Abstract

ABSTRACT Introduction: Transgenerational trauma is a theory asserting that traumatic experiences, including grief and loss, can be transferred from the initial generation of survivors to subsequent generations via complex post-traumatic stress disorder mechanisms. This applies to persecutory circumstances and genocidal events, which leave their mark and continue to resonate actively within the consciousness of descendants. Method: This article explores the role of analytical music therapy in working with transgenerational trauma.
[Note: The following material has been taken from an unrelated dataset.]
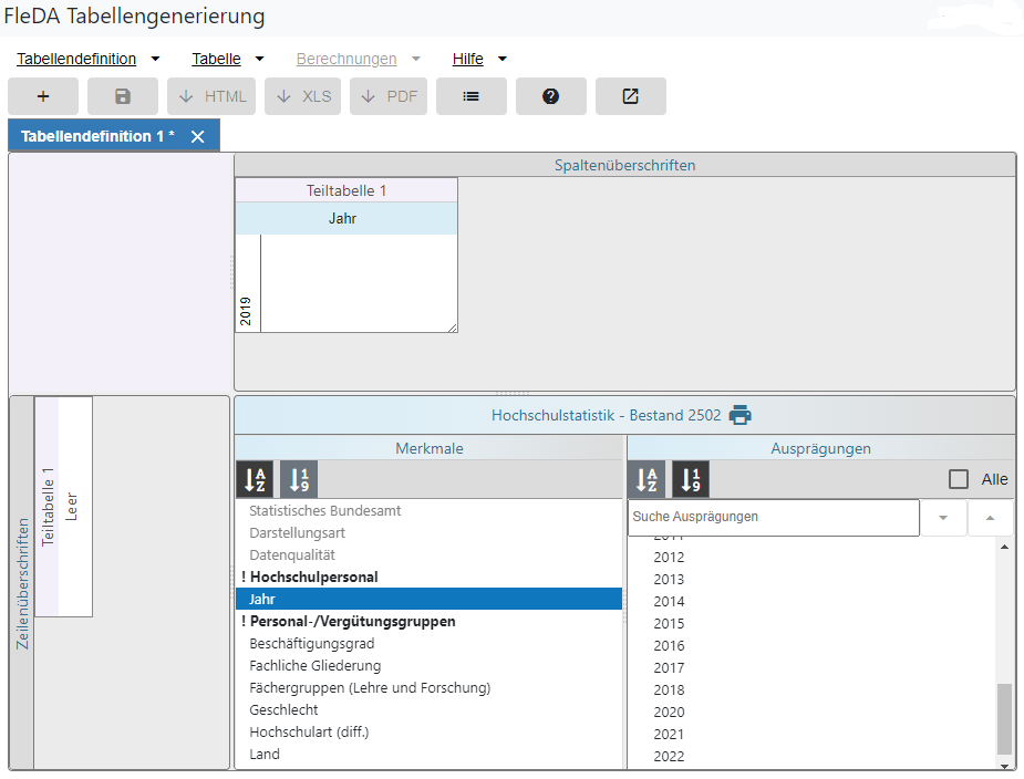 Für unser Beispiel: Für die erste Teiltabelle haben Sie bereits, wie weiter oben beschrieben, einen Datenbestand herausgesucht, der die Merkmale Vergütungsgruppe und Geschlecht mit den Ausprägungen Wissenschaftliches und künstlerisches Personal insgesamt und C4-Professorinnen/Professoren, sowie männlich und weiblich enthält. Das Merkmal Jahr sollte auch vorhanden sein. Markieren Sie jetzt das Merkmal Jahr im linken Feld, damit im rechten Feld die Ausprägungen für dieses Merkmal angezeigt werden. Ziehen Sie nun die Ausprägung 2019 auf das Feld Teiltabelle 1 unter Spaltenüberschriften und wie Sie sehen, nimmt die Tabelle erste Formen an. Als nächstes wählen Sie das Merkmal Hochschulpersonal und ziehen Sie dessen Ausprägung Personal an Hochschulen in die Tabelle unter das Merkmal Jahr. Darunter legen Sie nun aus dem Merkmal Personal-/Vergütungsgruppen die Ausprägungen Wissenschaftliches und künstlerisches Personal insgesamt und C4-Professorinnen/Professoren an. Ziehen Sie die Ausprägungen männlich und weiblich des Merkmals Geschlecht in die Zeilen.

Illustrations of this work are provided via two first-person, retrospective vignettes of the author’s self-experiences in analytical music therapy, rooted in the author’s Jewish cultural identity, and in the inherited experiences of ancestors who faced existential threats of ethnic persecution in Eastern Europe during the late nineteenth and early twentieth centuries. The reflective process employed here serves to contribute to the development of a larger theoretical perspective on the role of music as a matrix for accessing, confronting, and working through elements of transgenerational trauma. Results: Each vignette provides ways in which the author’s own transgenerational trauma – as it manifested in his everyday life in various ways – was accessed and engaged through the relational, creative spaces of analytical music therapy. Each vignette also addresses how certain transpersonal resources discovered within these working spaces – each one meaningfully reflecting certain expressions of Jewish mysticism and spirituality – were mobilized by the author with personal and professional impact. Discussion: Clinical and cultural implications for future practice and research in this area are considered.